==== Data under study ====

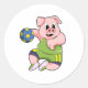Pegatina Redonda Pig como jugador de balonmano con balonmano
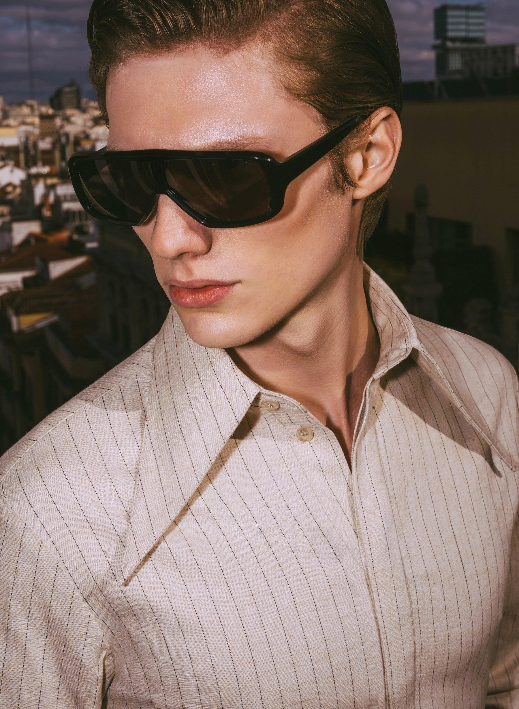 A refined take on warm-weather tailoring. Crafted from lightweight pure linen with a fine vertical pinstripe, this shirt balances breathability with structure, keeping the silhouette clean and precise. The exaggerated dagger collar defines the neckline and gives the piece its edge, while the slim cut through the body maintains a sharp, intentional line.
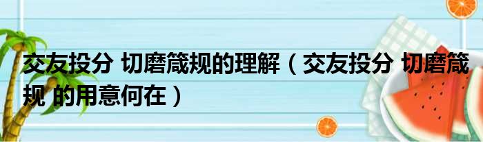 交友投分 切磨箴规的理解(交友投分 切磨箴规 的用意何在)
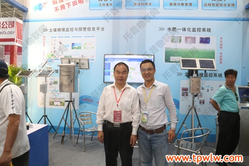展會期間,農業部種植業管理司曾衍德司長、農業部全國農技推廣中心陳生斗主任、謝建華副主任、北京市土肥站廖洪副站長、甘肅省土肥站崔增團站長、廣西區土肥站賓士友站長都陸續到托普儀器展位視察,公司陳渝陽總經理、陳曦經理為一眾領導詳細介紹了物聯網系統及各種儀器設備。謝建華副主任在視察期間與陳渝陽總經理熱切的聊起了“托普土壤墑情監測與預警信息系統”,他表示對墑情、旱情的有效把握是提高災情防治、提高種植產量、高效節水施肥的重要保證。
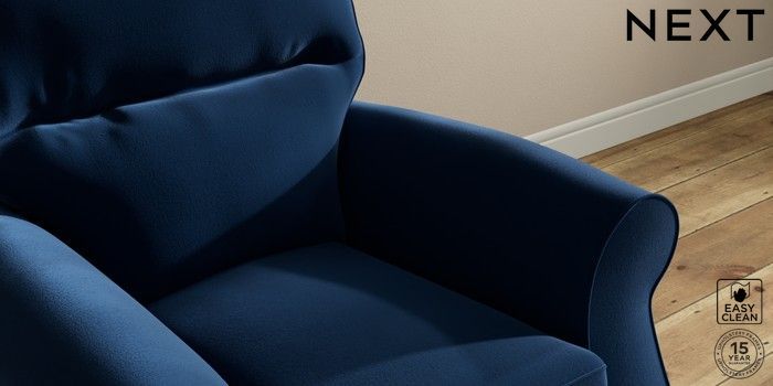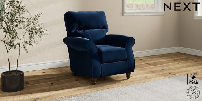 6.12.1 Buy Ashford Highback Small Armchair Plush Velvet Easy Clean Navy Blue Low Turned - Mid from the Next UK online shop Click here to use our accessible website
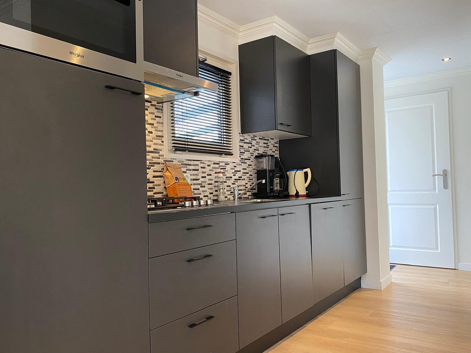 De luxe keuken is compleet uitgerust en is voorzien van een grote koelkast met apart vriesvak , 2 in 1 magnetron en oven , kookplaat met afzuigsysteem en alle lades en kastdeuren hebben een zacht stop systeem.
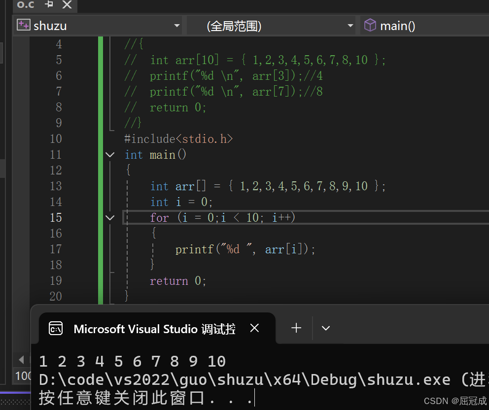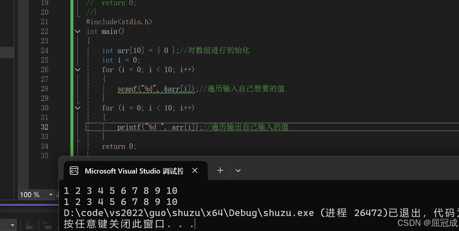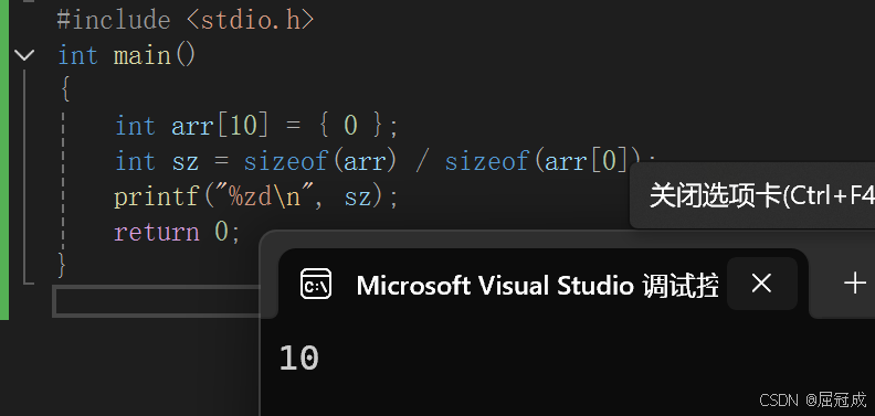 既然我们之前讲过循环了,那我们可以通过循环来产生0~9的下标来打印数组代码如下
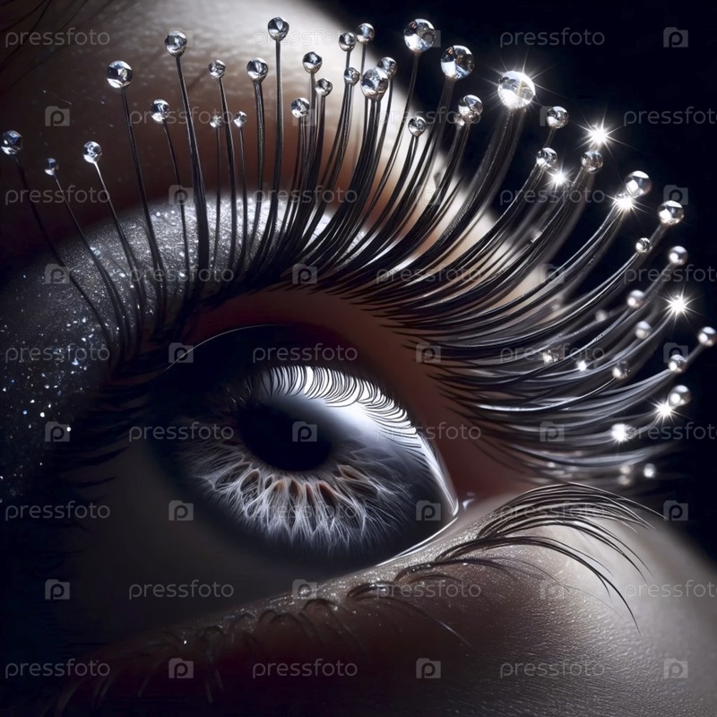 Макропросмотр снизу: отдельные ресницы, увенчанные идеальными серебряными микрокристаллами, Ai generated image

====

In the copy, include exactly the lines from the one with "6.12.1 Buy Ashford" through the final line of the data, both ends included, and no pictures.

• **Response to the exercise**
 6.12.1 Buy Ashford Highback Small Armchair Plush Velvet Easy Clean Navy Blue Low Turned - Mid from the Next UK online shop Click here to use our accessible website
 De luxe keuken is compleet uitgerust en is voorzien van een grote koelkast met apart vriesvak , 2 in 1 magnetron en oven , kookplaat met afzuigsysteem en alle lades en kastdeuren hebben een zacht stop systeem.
 既然我们之前讲过循环了,那我们可以通过循环来产生0~9的下标来打印数组代码如下
 Макропросмотр снизу: отдельные ресницы, увенчанные идеальными серебряными микрокристаллами, Ai generated image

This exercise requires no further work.